La producción tecnologizada que le está dando vuelta al teatro occidental ha sido una respuesta a cómo suplir los presupuestos salariales de actores, actrices, directores, técnicos y demás en la ingente cantidad de salas nacionales, comerciales, independientes y experimentales que se cuentan en otros países latinoamericanos. Y acorde a esa necesidad de marketing, los recursos para dicha producción.

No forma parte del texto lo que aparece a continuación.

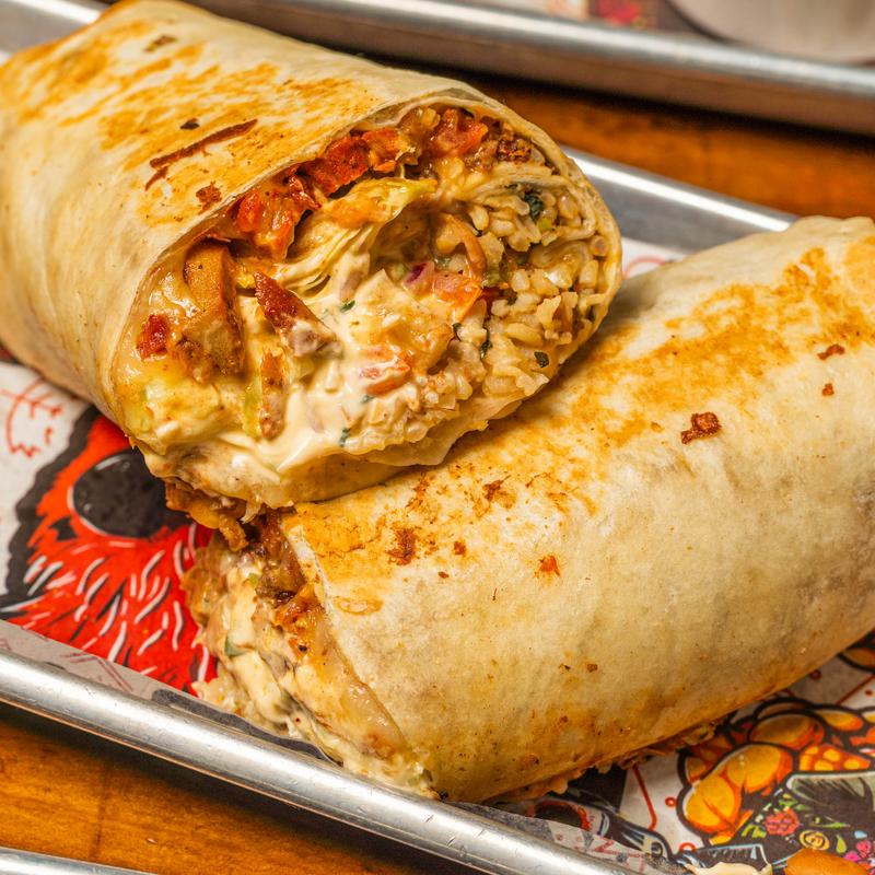 XL 14-inch flour tortilla stuffed with your choice OF protein, Chihuahua cheese, cilantro lime rice, beans, pico, guacamole, and crema.

Pareciera que ante tales condiciones, para bien o para mal, Centroamérica debe seguir esperando con fe el regreso a las salas, por pocas que sean, y producir desde nuestra identidad, para nuestra región.

Solo así, hablando de la aldea para ser universal, podremos competir contra el peso de las plataformas teatrales que se están abriendo paso en las capitales culturales que históricamente han desviado su mirada de esta región, salvo para vernos, o bien con ojos folklóricos o bien con la curiosidad y el recelo hacia nuestras historias de pobreza, violencia y marginalidad.

Acotación antes del apagón final

El virus vino para quedarse y con él una «nueva normalidad» que está imponiéndose más bien como «una nueva normalización».

No nos estamos cuestionando muchas cosas, las estamos aceptando como tales. Con la convicción de que esto va a pasar, tarde o temprano, pero mientras tanto ponemos a disposición de los poderes mediáticos nuestro trabajo, nuestro conocimiento, nuestra información, nuestros videos, nuestro nombre. Mientras tanto le hacemos el juego al poder invisible que nos hace creer en la maravilla de esta época, donde no participa el que no quiere, no se vende el que no se ubica y no se transforma el que quiere quedarse estancado en las formas viejas.

Antes del apagón final del virus veremos muchos más cambios y adaptaciones. La esperanza es no perder la humanidad, la ética, el sentido, el compromiso y la fuerza del cuestionamiento con el sentido político inherente al arte y a la educación como material simbólico del pensamiento.

«Si construir conocimiento implica tener un método para formar el tipo de persona que necesita la sociedad, en nuestro caso implica tener un método para formar mediante la no presencia, el artista que sin saberlo, esa sociedad necesita.»